Kenridge is a suburb in  Bellville, Western Cape, South Africa. It became a suburb out of one of the Tygerberg’s original farms.

History

On 17 October 1714, the Governor of the Cape Colony award the farm Blommesteijn to Theuns Dirksz van Schalkwyk. Van Schalkwyk was a Dutch immigrant. In September 1732, the farm was granted to van Schalkwyk’s daughter Anna Dirksz Brommert (Nee van Schalkwyk). At the same time Anna also received Door de Kraal farm, which previously belonged to Tryntje Theuinisse.
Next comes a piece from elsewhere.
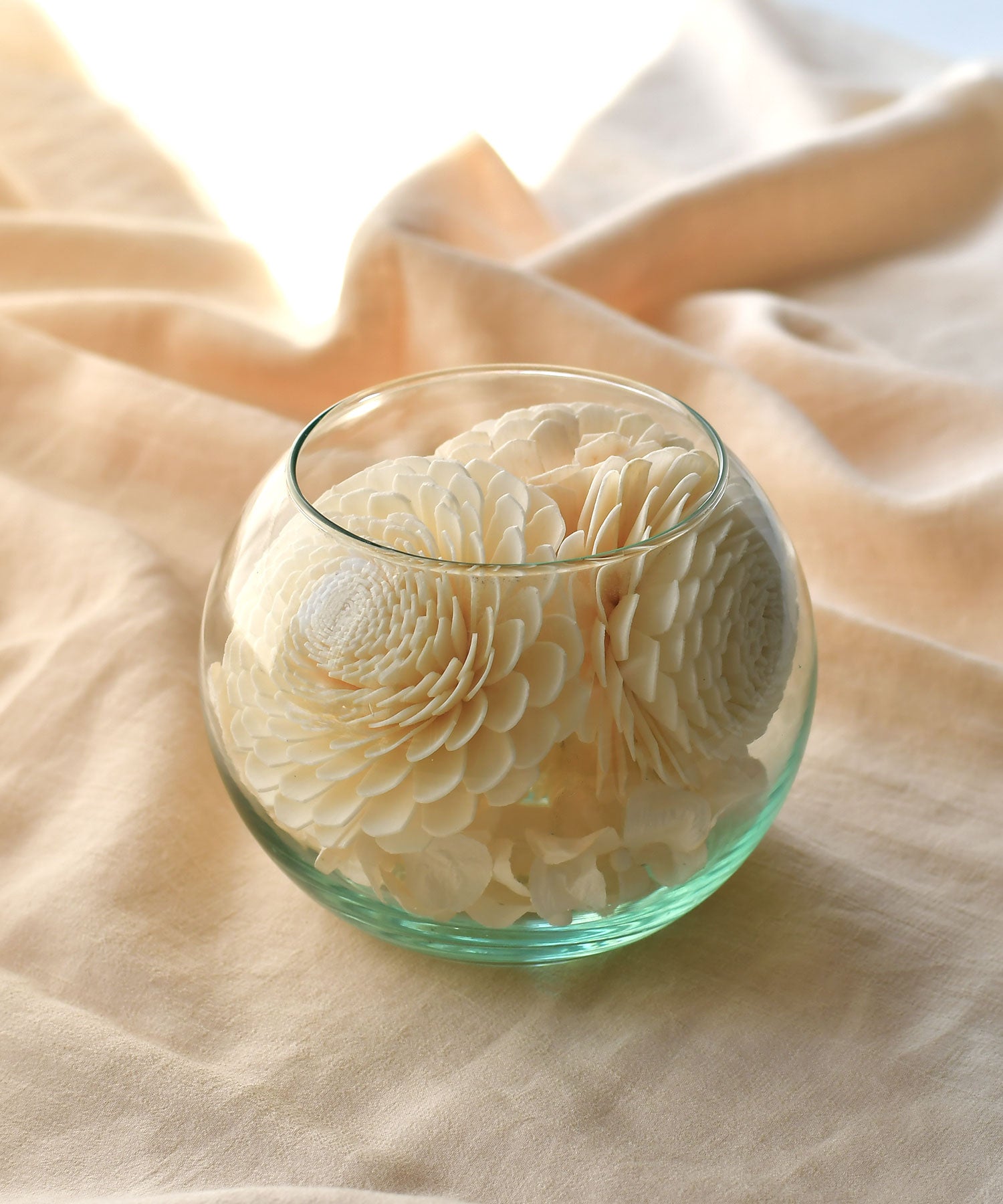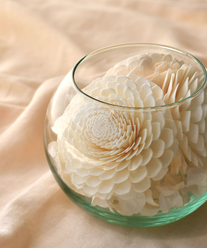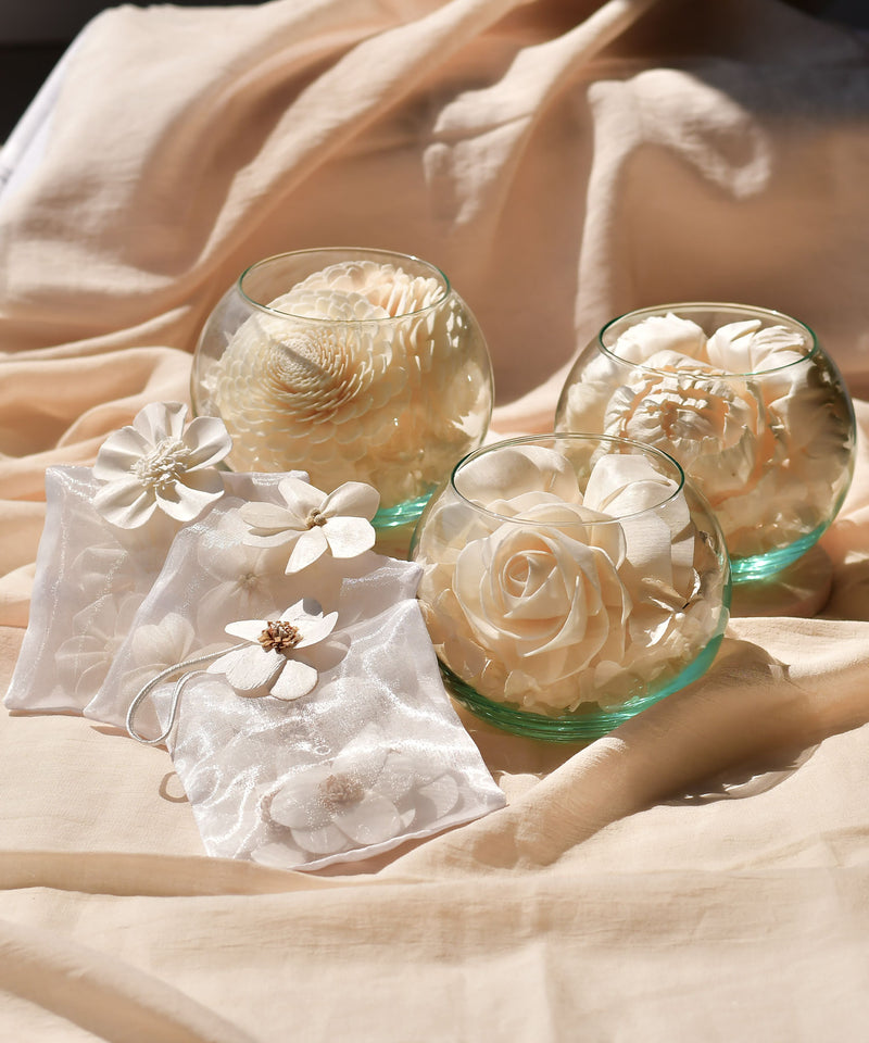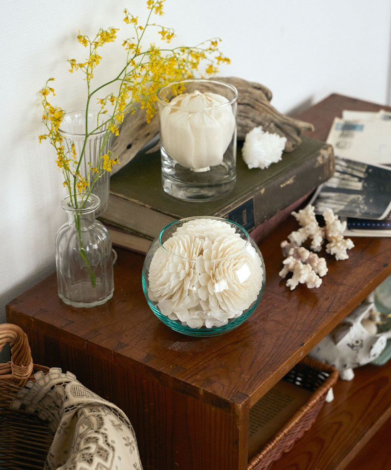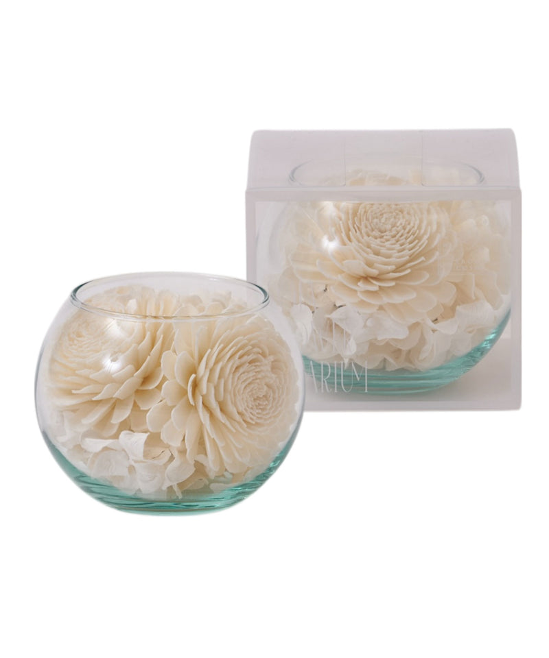 タイで収穫されるソラの木の中で最も白く、最も太く生えてくる地域のソラを使い、高品質で純白度の高い美しいソラフラワーをシンプルなグラスにあしらった、テラリウムのような香り付きポプリがソラリウム。お部屋や玄関などにそっと置くだけでやさしい香りが空間に広がり、ガラスを通した穏やかな光が忙しい毎日にそっと癒しを与えてくれます。

These two farms became one and was known as Door de Kraal. Johan Albrecht Dell was the new owner in 1814. Cornelis Valkenburg de Villiers bought the farm in 1866, and his son JH de Villiers inherited it in 1899. He divided the farm in four parts; one part remained Door de Kraal, one part he sold to Hume Pipe Company (This company mined clay in Bellville's Quarry), one part he gave his son JJH de Villiers (it was called de Bron) and the fourth part to PHT de Villiers (it was called Witboom). PHT de Villiers sold Witboom for residential development in 1948. It then became Kenridge. (PHT de Villiers part was the old Blommesteijn farm).

Municipal dispute

In 1969, a dispute arose between the municipalities of Bellville and Durbanville, as to under whose jurisdiction Kenridge fell. In January 1971, it was decided that Kenridge fell under Bellville and the area closer to Durbanville under their jurisdiction. The Durbanville area was then called Kenridge Heights.

Schools

Only one school is in the area namely Kenridge Primary. An old farm cowshed was not yet demolished in 1954. In January 1955, the school started in the cowshed. It was called "old Barn". The school was official opened by P Swiegelaar on 20 September 1956. Head Masters through the years were: (1955-1957) P. Marsford, (1957-1971)F.Swiegelaar, (1971- 1972) L. Hoorn, (1972- 1989) G. F. van Wyk,(1989- 1993) M. Lötter, (1993- 2010) G.V. Albrecht and from 2010 S. Smith. Jacobus Johannes (Koos) de Villiers owner of the farm Morgenster Durbanville hills and husband of endurance horse rider Gillese Hayward.
was one of the first pupils.

Surrounding suburbs

It is surrounded by fellow Bellville suburbs, Eversdal and Door-de-Kraal. As it is on the border of Bellville, it has a Durbanville neighbouring suburb called Durbanville Hills and Kenridge Heights.

Notable residents

Amore Bekker Radio presenter at Radio Sonder Grense (RSG)
Dane Piedt  Off-breaker bowler for South Africa national cricket team (Proteas)
Stiaan van Zyl Al-rounder for South Africa national cricket team (Proteas)
Jean-Luc du Plessis(son of Carel du Plessis)  fly-half for the rugby team Stormers

Climate

It rains primarily in the winter, with average rainfall of 465mm per year. It seldom gets colder than 7 °C and its average temperature in the months of November to February is 26 °C to 27 °C.